**EXERCISE DIRECTIONS:** Scan the entries below, and for each line that includes the word "Park", make a copy.

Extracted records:
___

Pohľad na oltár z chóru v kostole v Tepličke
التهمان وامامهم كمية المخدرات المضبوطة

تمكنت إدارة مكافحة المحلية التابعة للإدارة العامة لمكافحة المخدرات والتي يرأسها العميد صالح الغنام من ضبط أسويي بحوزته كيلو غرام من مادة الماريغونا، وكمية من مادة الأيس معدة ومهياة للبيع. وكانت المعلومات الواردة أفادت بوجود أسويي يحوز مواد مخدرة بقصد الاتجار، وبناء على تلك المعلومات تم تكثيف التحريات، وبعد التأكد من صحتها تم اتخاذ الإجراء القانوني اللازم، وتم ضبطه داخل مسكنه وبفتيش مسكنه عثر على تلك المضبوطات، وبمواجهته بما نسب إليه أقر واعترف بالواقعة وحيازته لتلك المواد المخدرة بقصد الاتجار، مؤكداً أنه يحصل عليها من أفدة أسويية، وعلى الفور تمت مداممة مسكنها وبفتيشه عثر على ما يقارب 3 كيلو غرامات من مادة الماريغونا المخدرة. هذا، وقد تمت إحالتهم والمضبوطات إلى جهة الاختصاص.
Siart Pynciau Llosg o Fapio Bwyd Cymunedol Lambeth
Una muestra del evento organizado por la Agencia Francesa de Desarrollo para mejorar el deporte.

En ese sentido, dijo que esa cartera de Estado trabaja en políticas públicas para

___

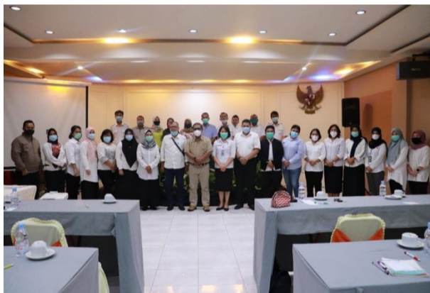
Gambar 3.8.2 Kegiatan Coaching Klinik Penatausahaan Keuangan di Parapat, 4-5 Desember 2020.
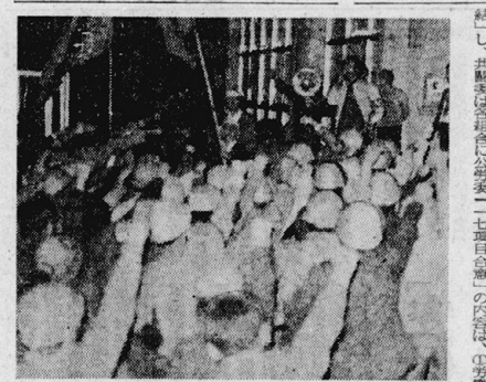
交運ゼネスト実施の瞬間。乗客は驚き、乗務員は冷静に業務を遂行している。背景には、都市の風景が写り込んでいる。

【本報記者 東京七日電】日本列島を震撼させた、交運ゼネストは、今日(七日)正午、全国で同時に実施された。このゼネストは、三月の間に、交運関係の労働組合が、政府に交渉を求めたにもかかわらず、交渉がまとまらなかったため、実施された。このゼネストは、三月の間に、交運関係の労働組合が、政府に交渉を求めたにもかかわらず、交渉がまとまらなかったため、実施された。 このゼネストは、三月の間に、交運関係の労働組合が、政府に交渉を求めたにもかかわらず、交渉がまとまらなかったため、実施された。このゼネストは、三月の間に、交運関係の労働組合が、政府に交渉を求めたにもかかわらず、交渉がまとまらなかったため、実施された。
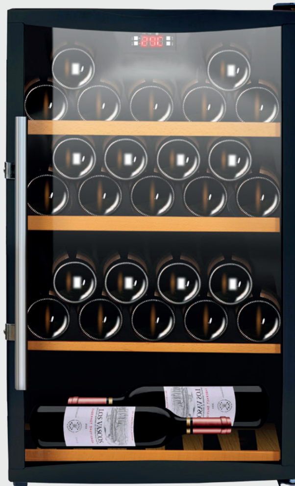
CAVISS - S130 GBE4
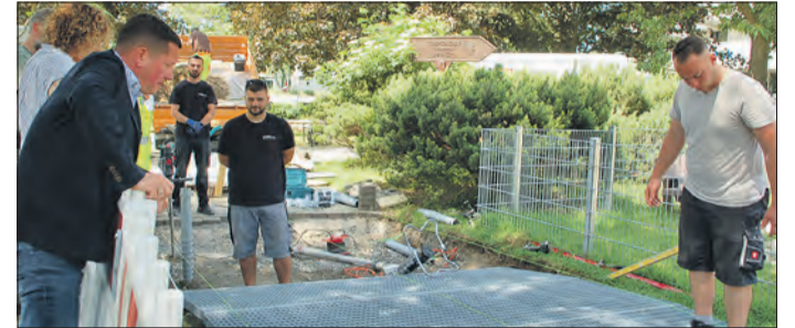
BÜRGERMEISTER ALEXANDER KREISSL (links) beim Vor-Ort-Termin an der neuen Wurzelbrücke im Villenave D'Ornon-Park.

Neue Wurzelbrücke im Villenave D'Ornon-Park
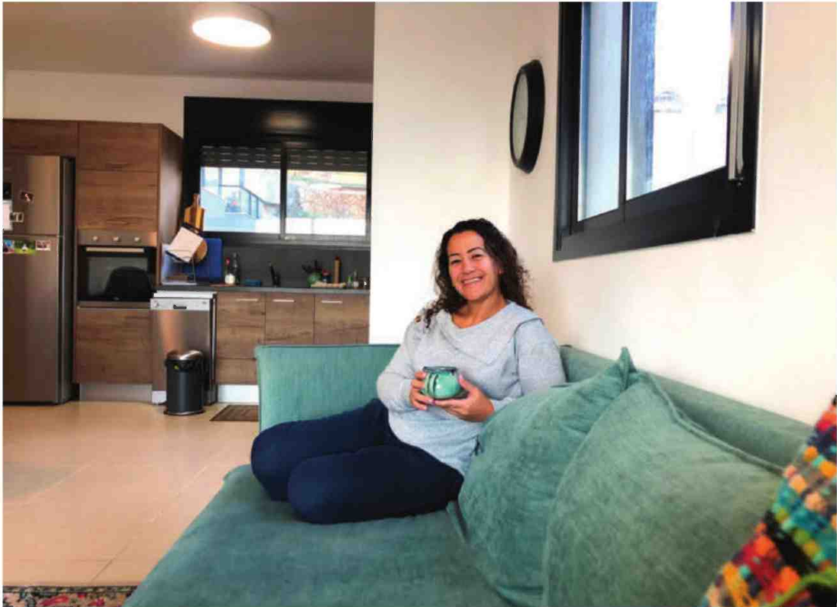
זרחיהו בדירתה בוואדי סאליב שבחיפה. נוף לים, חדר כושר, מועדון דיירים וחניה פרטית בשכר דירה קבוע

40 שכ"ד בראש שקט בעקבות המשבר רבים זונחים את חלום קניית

___

**FINISHED TASK:**
BÜRGERMEISTER ALEXANDER KREISSL (links) beim Vor-Ort-Termin an der neuen Wurzelbrücke im Villenave D'Ornon-Park.
Neue Wurzelbrücke im Villenave D'Ornon-Park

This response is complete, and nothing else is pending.